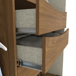Cabideiros e calceiros em alumínio Gavetas com corrediças telescópicas Gavetas com usinagem para pega Prateleiras com divisórias em colmeia Puxadores em alumínio na cor bronze Portas divididas com acabamento soft Porta com espelhos
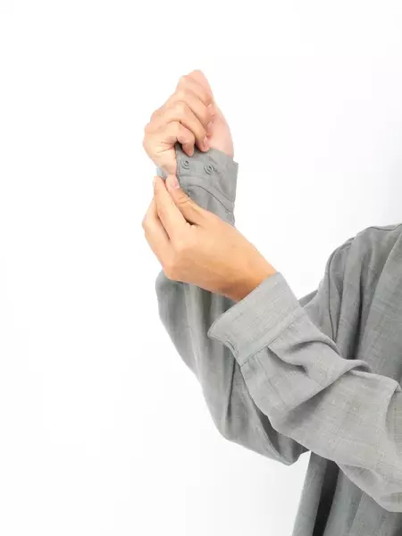 袖口はスナップボタンが2箇所備わっていて、手首の太さによってボタンの位置を調整することができ、腕まくりも容易です。
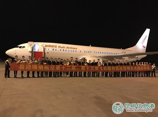 昆明信息港讯 记者上官艳君 4月9日,瑞丽航空从美国西雅图波音公司新引进的两架波音737-800客机,分别于02:25、02:30降落昆明长水国际机场。至此,瑞丽航空机队规模达到13架,进入两位数时代。
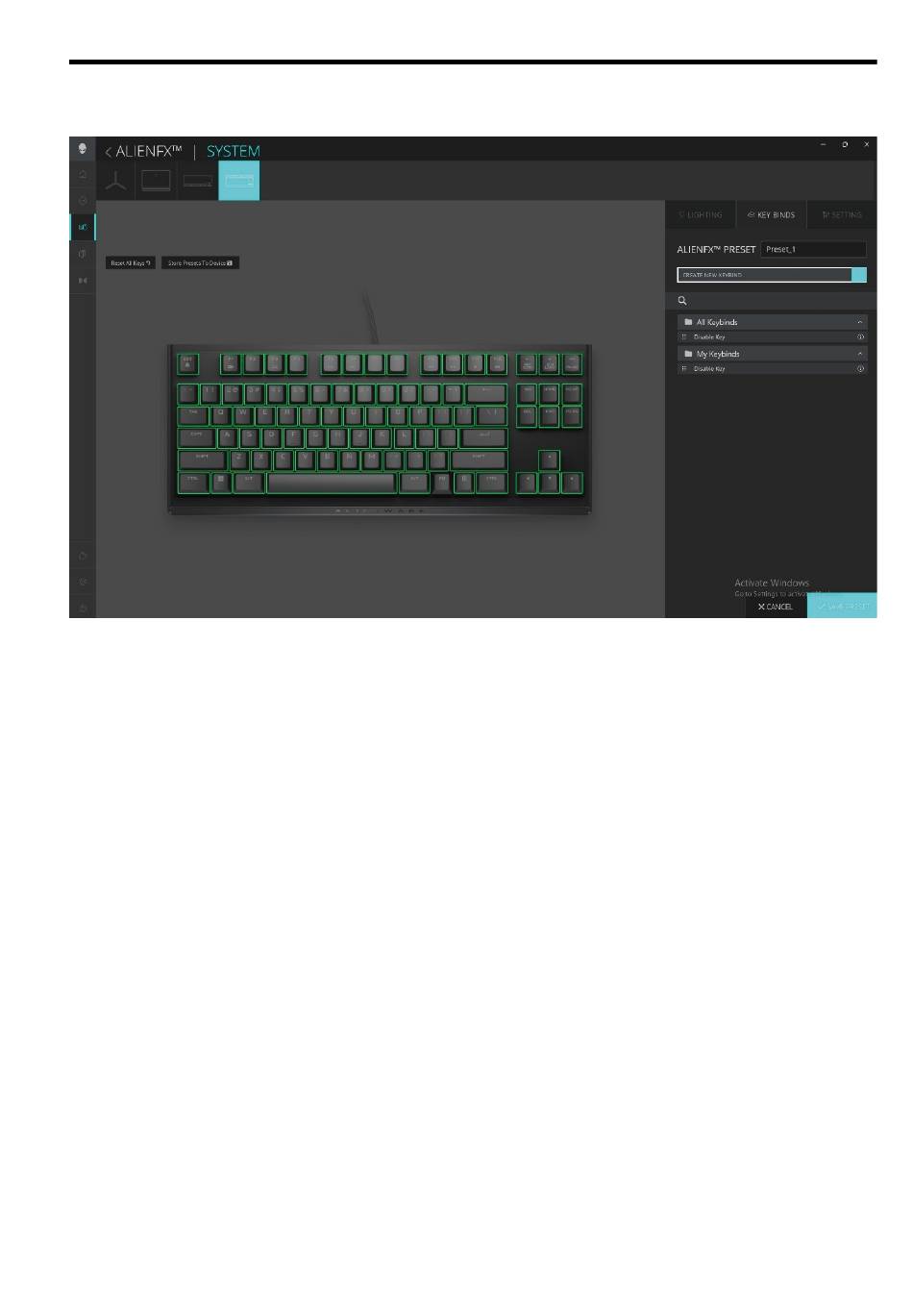 2. Under ALIENFX PRESET in SYSTEM, select KEY BINDS from the Top Right

******

### WHAT IS NEEDED
All of the material above should be reproduced exactly, except the pictures.

### SOLUTION FOR THIS TASK
Cabideiros e calceiros em alumínio Gavetas com corrediças telescópicas Gavetas com usinagem para pega Prateleiras com divisórias em colmeia Puxadores em alumínio na cor bronze Portas divididas com acabamento soft Porta com espelhos
 袖口はスナップボタンが2箇所備わっていて、手首の太さによってボタンの位置を調整することができ、腕まくりも容易です。
 昆明信息港讯 记者上官艳君 4月9日,瑞丽航空从美国西雅图波音公司新引进的两架波音737-800客机,分别于02:25、02:30降落昆明长水国际机场。至此,瑞丽航空机队规模达到13架,进入两位数时代。
 2. Under ALIENFX PRESET in SYSTEM, select KEY BINDS from the Top Right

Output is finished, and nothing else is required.